Guest Column: Air service: vision, old-fashioned hard work

Something happened last week in Rockford that was unique. A combined effort by individual, concerned citizens, community spirited businesses and a bi-partisan effort by elected officials resulted in airline service returning to the city. This happened during the biggest downturn in history for the airline industry, at an airport that has a very poor track record for retaining air passenger service. Why did this happen? The answer is vision and good old-fashioned hard work. Spearheaded by Bob O’Brien and the Airport Board of Commissioners, enthusiasm that hasn’t been seen in Rockford in a long time emerged. Now the challenge becomes how we recreate this for the whole region.

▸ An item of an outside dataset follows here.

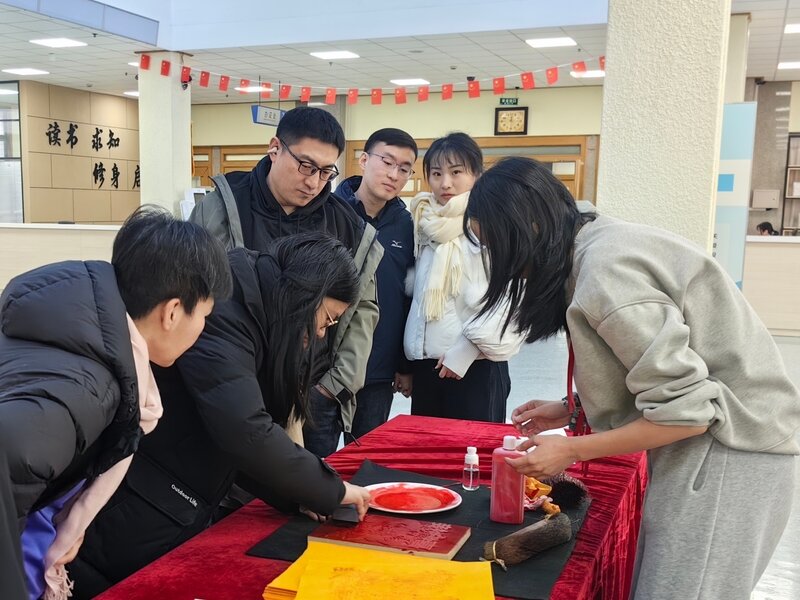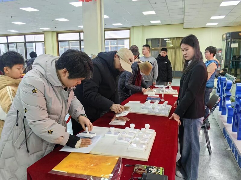 活动现场,三大特色环节深受欢迎。“印象鲁图”腊八集章打卡环节中,定制集章卡片成为“年味信物”。套章借鉴木版年画技艺,将清代馆藏《十美图》卡通化,融入节日与年俗元素,让读者在盖章中感受传统与现代的碰撞。雕版印刷体验区前,读者在馆员指导下亲手拓印财神图,近距离触摸这项人类非物质文化遗产的千年智慧。手工扭扭棒烟花制作环节则充满创意,亲子协作打造“永不凋零的烟花”,在欢声笑语中提前感受过年氛围。

Due to a collection of various circumstances and causes, Rockfordians have become accustomed to the mediocre. However, what Bob and the airport board showed the community was that we don’t have to settle for less than the best. Now the challenge becomes to channel this enthusiasm into other needed areas in the community. The downtown has suffered from a lack of enthusiasm for decades. The River District and a handful of business owners who have seen the potential and have made vast strides in trying to revive the city’s heart. However, major meaningful changes will not occur until the community as a whole, and especially our elected officials, see the need to make it happen. Rockford was founded in the downtown area, and until the 1970s, it was the symbol of Rockford. Now we have a vast sprawl of box stores cluttering our east side, with roadways that have become congested and littered with stoplights every 500 yards. Is this the heart of Rockford?

I challenge the community, businesses and our elected leaders to take a look at the downtown. If a convention center is to be built, it must be built downtown. If it isn’t, the MetroCentre, the Coronado and every other venue in the downtown will die a slow, lingering death.

We had the opportunity 40 years ago to bring people into the downtown via I-90; however the city didn’t want the negative influence of Chicago driving through the heart of the city, so the road was built far to the east. Had I-90 passed 15 miles farther west, we wouldn’t be discussing this issue now. We now have an opportunity to start the rebirth process, if we are willing to take the model that the airport has created. Involve the citizens, involve the businesses, think out of the box and stand on the roofs of gas stations to make your point if you have to. Channel the enthusiasm before it’s gone. Remember the quote by Robert F. Kennedy, “Some men see things as they are and say why? I dream of things that never were and say, why not?”

David Lindberg is chairman of the Greater Rockford Transportation Coalition.